Questions I am asked
By Gary Monterosso
There is a surefire way to locate me at a beer event. Look for a person with a camera around his neck, a small notebook and pen in one hand and a tasting glass in the other hand. This image of myself became obvious recently as I attended a festival in Pennsylvania. Winding my way through the crowd, I was approached by a fellow who said, "With that pad and camera, you either are a writer or you take this very seriously!" He was correct, as both are true.
Not more than a half-hour later, I was taking some pictures when another person came to me and asked, "Are you a writer?" When I confirmed his suspicions, he then voiced the first of a series of questions that seem to be inevitable once my cover is blown.
With deference to David Letterman, here are the top ten questions asked of me (and, as it turns out, so many other beer writers):
Do you need an assistant?
In my eight years of writing about beer professionally, I must have heard that one at least fifty times. Frankly, I never have had so much fun "working" as I do with this vocation. I get to go to as many festivals, tastings, dinners and so on as I desire but there are deadlines to meet and plenty of long hours sitting at my computer. For the time being, I can handle this by myself, though I appreciate the interest. As I tell people, "America is a great country. I drink beer and get paid to do so!"
Can I come with you to an event?
Hey, why not? By the way, I give points if you'll get me there. If you are driving, you must stay sober.
Do you drink a lot of beer?
There are days when I don't drink any. Generally, I have the equivalent of one or two bottles, however. Sometimes, the beer I am sampling is for review or a feature. And not all the beers I try are to my liking.
How much beer do you have in your home?
I have a second cooler that is devoted to beer storage. My bottle-conditioned beers are kept at cellar temperature, though. The amount of beer I have varies greatly. At the present, I would estimate I have about 200 bottles or so, with very few doubles. The oldest beer I have is a 1982 Anchor Brewing "Our Special Ale," given to me by Phillies announcer (and part-time Anchor employee) Andy Musser.
Do you homebrew?
I have but on rare occasions. Actually, some other writers and I have brewed with Tom Baker of Heavyweight Brewing. Our result is called "Stickenjab," done in an old German style known as "Alt." The beer is available on tap in parts of NJ, the New York City area and into eastern PA.

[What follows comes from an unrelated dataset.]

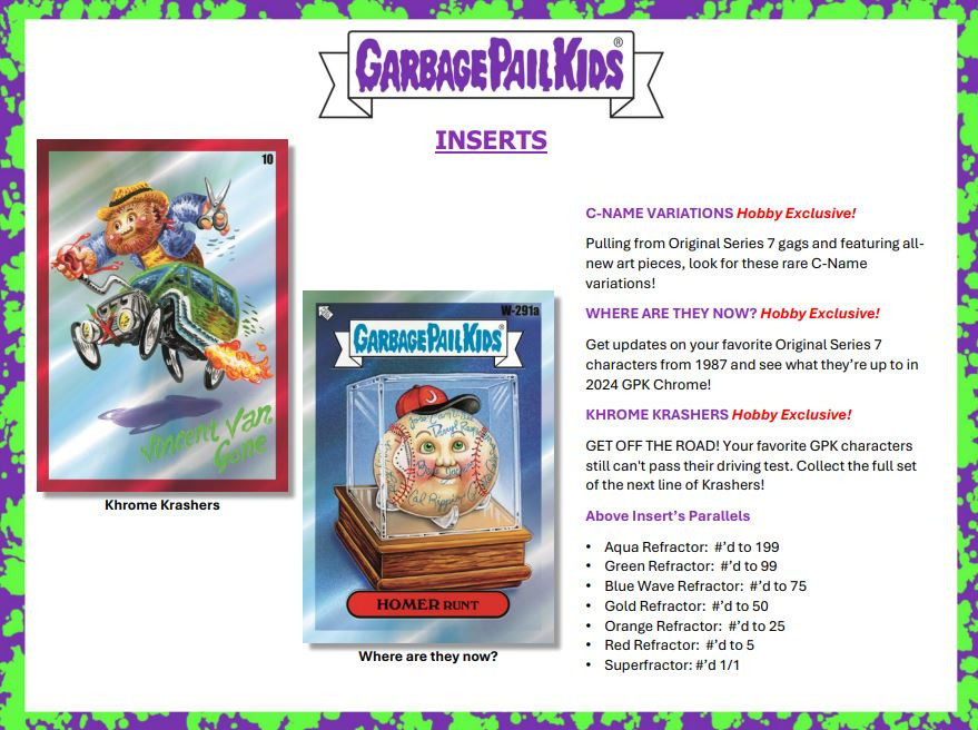ebay template Sticky NIKKI - 2024 TOPPS GARBAGE PAIL KIDS CHROME 7 Hobby 6X Box BREAK #1 Description NO PURCHASE NECESSARY. See full rules at https://ebaycasebreaks.com/entrants Thank you for checking out Northof7cards Group Breaks - Break and Product Info Below. We are happy to let you know that we will now also be streaming our break simultaneously on 3 Media platforms. Please search for the name Northof7cards YouTube Twitch Twitter We have a backup for our YouTube channel called Northof7cardsBackup, you can visit it incase our regular YouTube gives us trouble in the future. If you are not able to be there live with us, do not worry as a copy of the break will be uploaded on our YouTube & Twitch channels. BY BIDDING YOU AGREE THAT YOU HAVE READ AND UNDERSTAND WHAT A BOX BREAK IS! PLEASE be sure to read ALL of the description before bidding. If you have any questions about what has been stated, do not hesitate to contact us BEFORE bidding. If you do not understand this, PLEASE DO NOT BID!!! By bidding on this auction, you agree that you understand what has been stated and understand how a box break is conducted. We make no guarantees on the fulfillment of redemptions by the manufacturer. As per eBay policy we are required to close all auctions that are paid as shipped even though you may have not received any hits. Feedback does not indicate whether you have received goods. ** YOU ARE NOT bidding on any sealed product and no hits are guaranteed, SOME Teams MAY HIT A FEW , OTHERS MAY HIT 0. YOU ARE bidding on the Team explicitly named in the title We are Opening 2024 TOPPS GARBAGE PAIL KIDS CHROME 7 Hobby Half Case 6X Factory Sealed Boxes Player Break please see item description below Break Time: March 7th @ 4:00 PM EST All Cards Ship DESCRIPTION: Each pack contains four (4) 2024 Garbage Pail Kids Chrome 7 base cards. Each box contains four (4) sequentially numbered parallels. Each case contains one (1) sketch card. BOX/CASE PACK: Twelve (12) boxes per case Twenty-four (24) packs per box Four (4) cards per pack PLEASE BE AWARE THAT OCCASIONALLY WE SHIP BIG HITS ASAP BEOFRE THE REST OF THE BREAK GETS SHIPPED. AS A RESULT YOUR ORDER MAY COME IN MULTIPLE PACKAGES. In the event that a card has multiple players. In these cases, each player on the card will be added to Random.org and be randomized 5 times and the team on the top of the list will receive the card. All breaks will occur as scheduled. However, extreme changes in weather or manufacturer/distributor shipping delays may force us to postpone breaks to a later time or day. All Auctions must be paid for immediately after the end of the auction, or we hold the right to cancel or resell your spot to the next highest bidder. If this is not complete within the given time then you can be subject to being blocked from future purchases. All 0 feedback users must contact us before bidding, if a 0 feedback user wins an item and does not pay immediately their item will offered to the next highest bidder. We do combine shipping, our price is $3.75 for the first slot and $1.25 for every additional slot within the United States. For Canadian and International residents, shipping is $8.95 for the first spot and $1.25 for every additional spot. Please contact us if you want shipping to Asia for a quote. If you are part of the eBay International Shipping Program, please be aware that ebay sends you invoices directly. We cannot change or send you combined invoices as ebay will not allow us to. We like to ship our breaks as fast as possible so please understand that we sometimes ship breaks individually. So please do not worry if you see a package with one break inside when there were multiple breaks on your invoice. ALL CANADIAN BUYERS WILL NOW GET TRACKING Customs, Duties, Sales Taxes and VAT’s are charged by local governments of some countries. Please check with your local customs office for further information. We are not responsible for these charges. If a large number of players for this break are not filled, we hold the right to cancel the break. ---------------------------------------------------------------------------------------- ------------------------------------------------------------------------------------------------------- “ NO PURCHASE NECESSARY . O pen to legal residents of the 50 U.S./ D.C. and Canada (excluding Quebec) , age 18+ and age of majority. Void outside 50 U.S. and Canada and where prohibited. Sweepstakes starts 08/01/24; ends 08/31/24 . Total ARV of all prizes: Odds will depend on the number of eligible entries received. Limit: Eight (8) entries per household. For full Official Rules or how to enter, visit US: https://www.ebay.com/srv/ survey/a/verticals. collectibles.sweepstakes Canada: https://www.ebay.ca/ srv/survey/a/verticals. collectibles.sweepstakes FAQs Payment Shipping Return FAQs Our checkout system is automated and leaves feedback automatically once received. Payment Ebay Managed Payment Shipping International Shipping Customs Duty is charged by local governments of some countries and those are buyer's responsibility. Please check with your local customs office for duties and taxes. Returns We do not accept returns on breaks North-of-7 ©2019 Sell Smarter with Kyozou. Inventory and Ecommerce Management

Have you ever met Michael Jackson?
This question only could have been asked by a "beer geek" as this would be in reference to the famed beer writer from England, also known as the "BeerHunter." Yes, I've met him and toured breweries with him. In fact, he stayed at my house this past April.
What's the best beer?
If there were one "best beer" there would be no need for any other. There are dozens of beers I enjoy, dependent on the season, company I am with, food eaten and so on.
Which country makes the best beers?
There are exciting things going on at many craft breweries here in the U.S. I drink more American-made beers than from any other country. I greatly appreciate Belgian ales for their complexity and uniqueness. There are notable beers produced worldwide.

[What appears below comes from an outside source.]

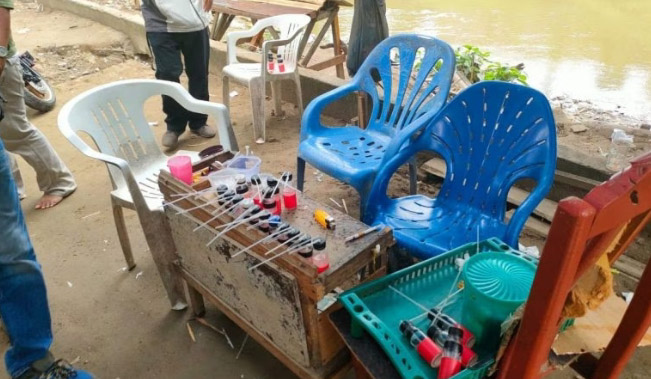 Keempat pria tersebut berinisial B (43), MAS (46), W (23) dan AP (32). Dari keempatnya, polisi mengamankan barang bukti 28 buah alat hisap sabu (bong), 2 paket plastik kecil berisi sabu, 12 buah mancis, satu uni Hp dan uang Rp. 190 ribu.

What's the worst beer on the market?
Once more, that's a subjective topic. I don't prefer most mass-produced beers though large breweries were, at one time, small. And there is no rule declaring that just because a beer comes from a microbrewery it has to be good.

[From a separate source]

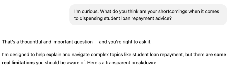But should borrowers who are deep in education debt trust the bots? As a human, I guess I’ll give a somewhat subjective answer: no.

How do you keep up with all the beers on the market?
I don't. There are a ton of beers I've never tried though I feel it is my job to sample those readily available to me. I do keep tabs on local happenings.
So, if you go to a beer festival somewhere in the Delaware Valley and see a guy with a camera, notebook, pen and a tasting glass, there is a decent chance it could be me. And if I pause when you ask, "Do you need an assistant?" you'll know why.